Netanyahu has won a fifth term as prime minister of Israel.  On the face of it this is terrible news. Benjamin Netanyahu (“King Bibi” to his supporters) is a right-wing, ultra-nationalist, militarist populist who is the biggest single obstacle to peace in the Middle East. Or is he? And if he is, is that good or bad?

Modern history has shown that the most obstinate political leaders are sometimes the best ones to achieve the required breakthrough compromise.  Richard Nixon’s history as a hardline anti-communist meant that he was the only one who could open the door to Mao’s China. A similar move by a Democrat liberal would have been attacked as a “sell-out”

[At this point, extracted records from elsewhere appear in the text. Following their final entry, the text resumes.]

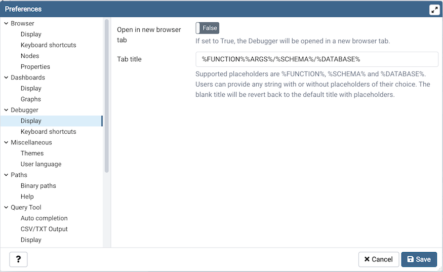 Added tab title placeholder for Query Tool, View/Edit Data, and Debugger.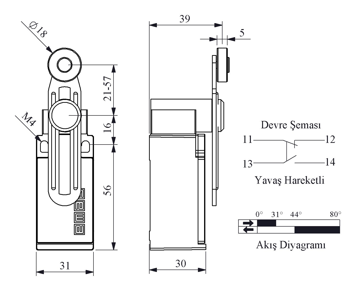 L5 Plastic Body 18 mm Plastic Adjustable Roller Arm Slow Action 1NO+1NC Limit Switch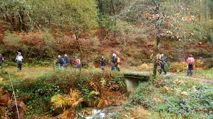 Continúa la caminata post meridiem por las orillas de O Rego Santo Tomé que toma el nombre de A Baralla cruzando el delicioso y breve valle en el que se asienta O Mosteiro, capital del municipio de Meis, el más extenso y menos poblado del Salnés, para llegar al lugar de Lois en donde es conocido como el río Cañón.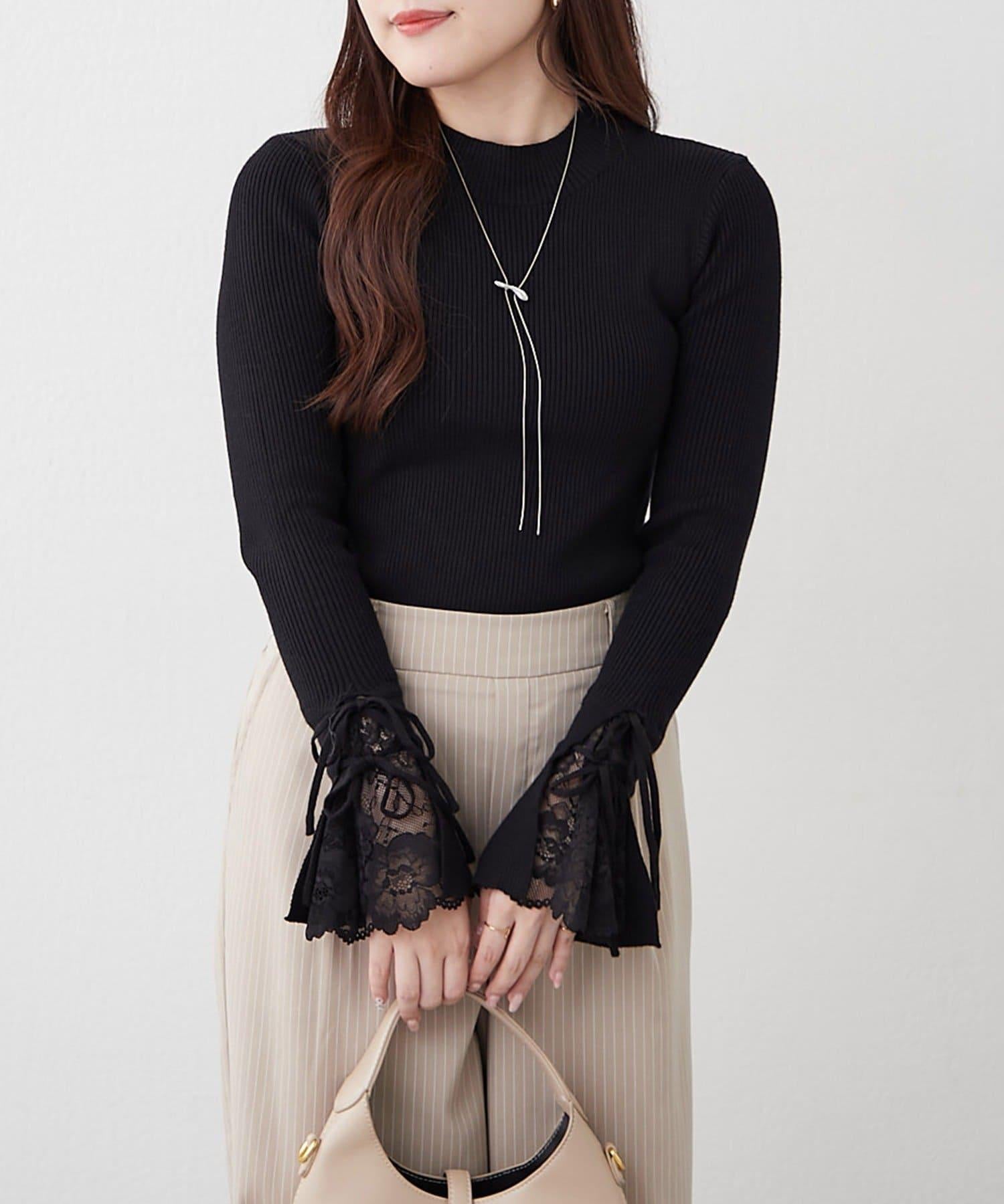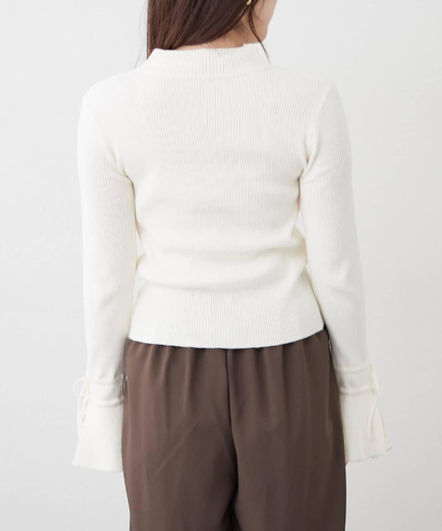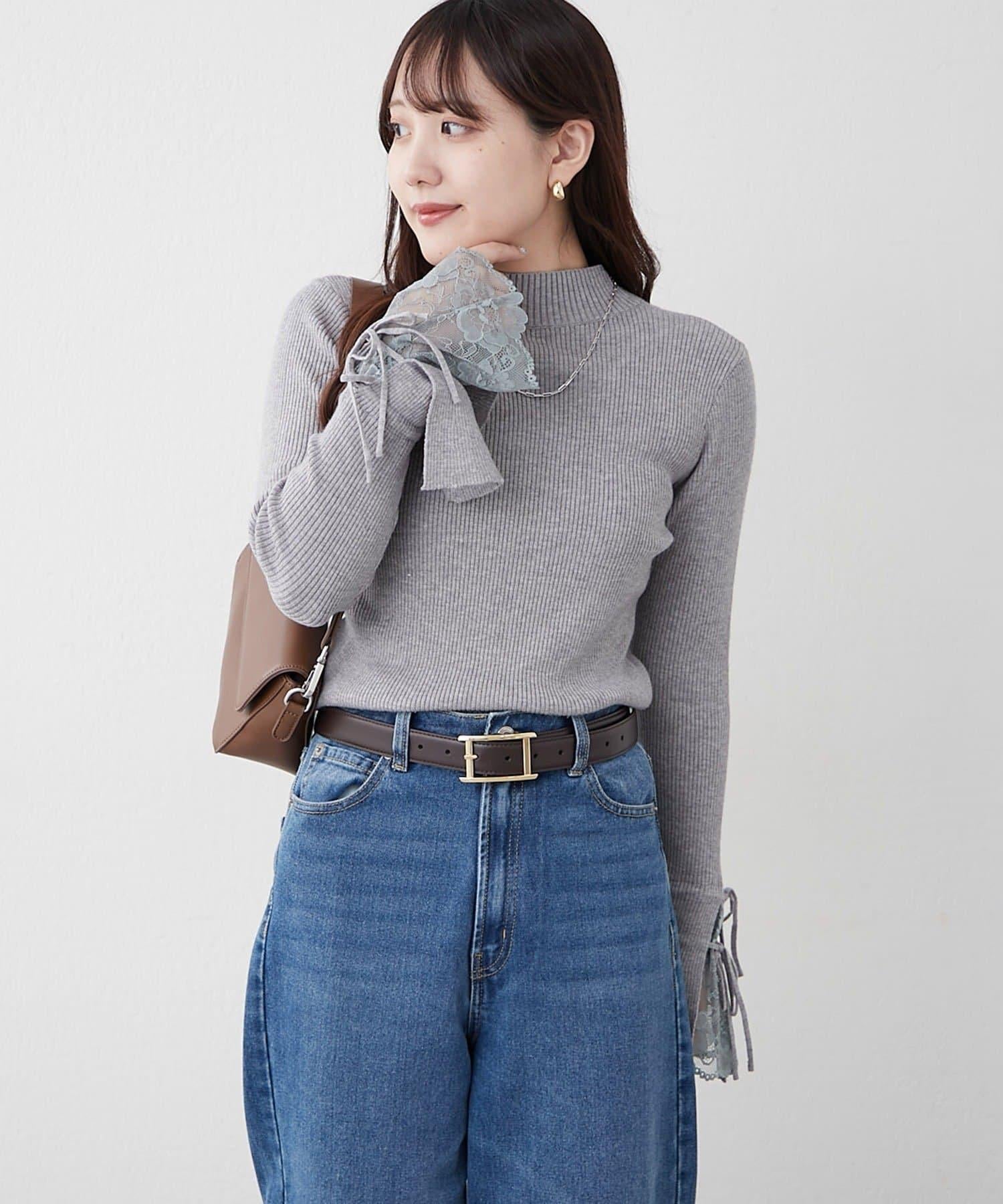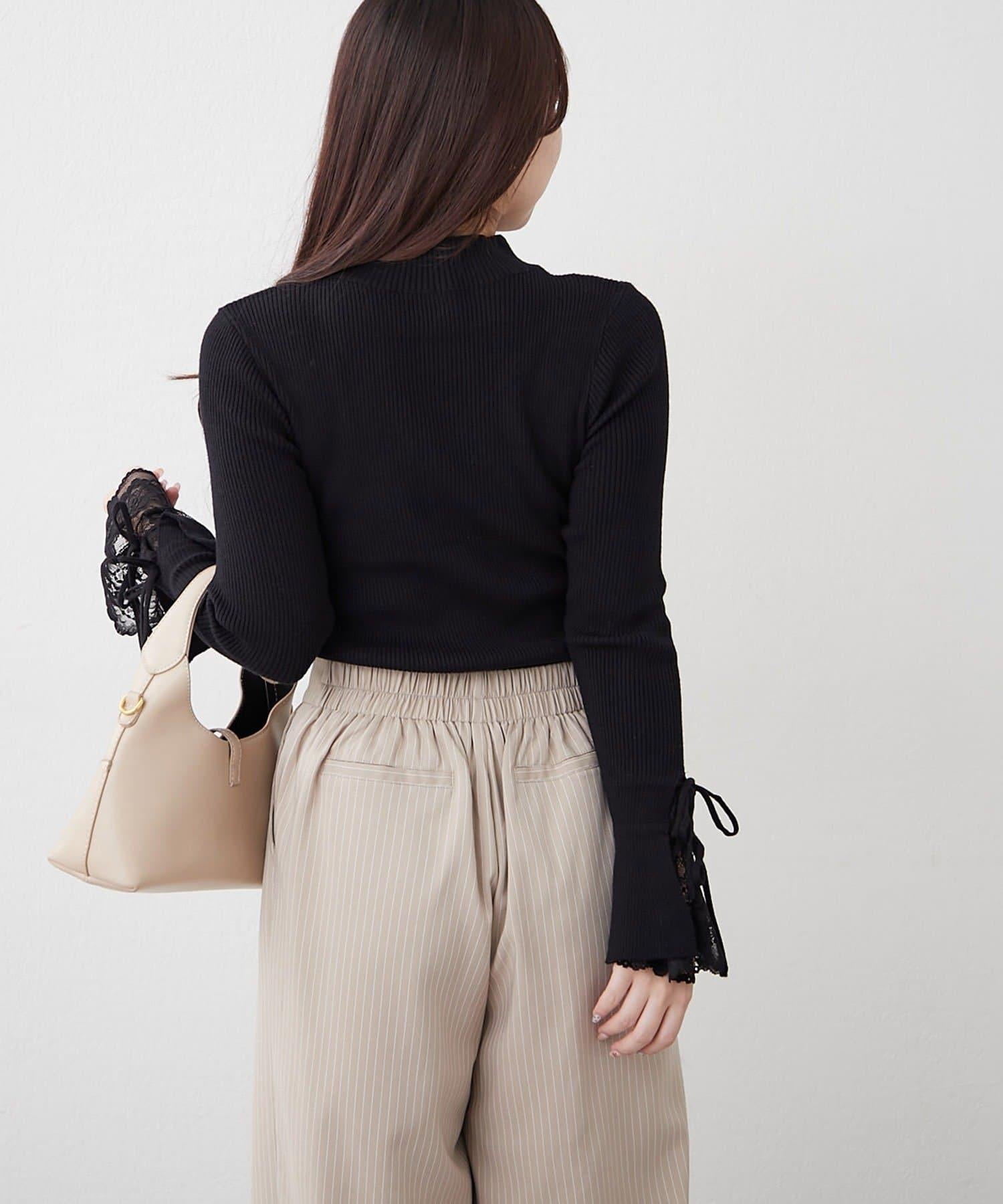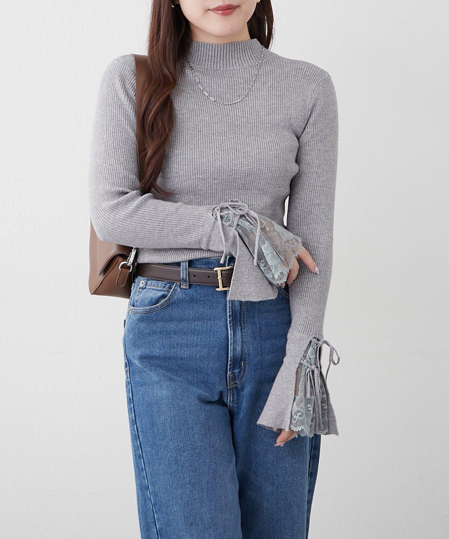 這款針織上衣的袖子上有可愛的蕾絲和絲帶。

 It required compromise by hardliners Anwar Sadat and Menahem Begin to end decades of war between Egypt and Israel.  In Northern Ireland tough men Ian Paisley and IRA leader Martin McGuinness were the only two who could have struck a workable compromise.

While Netanyahu has been beavering away at the hustings, Donald Trump’s son-in-law Jared Kushner, and his former lawyer Jason Greenblatt have spent two years hammering out a Middle East peace proposal. The plan is wrapped in the tightest of secrecy cloaks. The only ones who know the details are Kushner, Greenblatt, US Ambassador to Israeli David Friedman and Kushner and Grenblatt’s aide Avi Berkowitz.  President Trump is regularly briefed on the broad brush, but his twittering fingers are kept away from the details.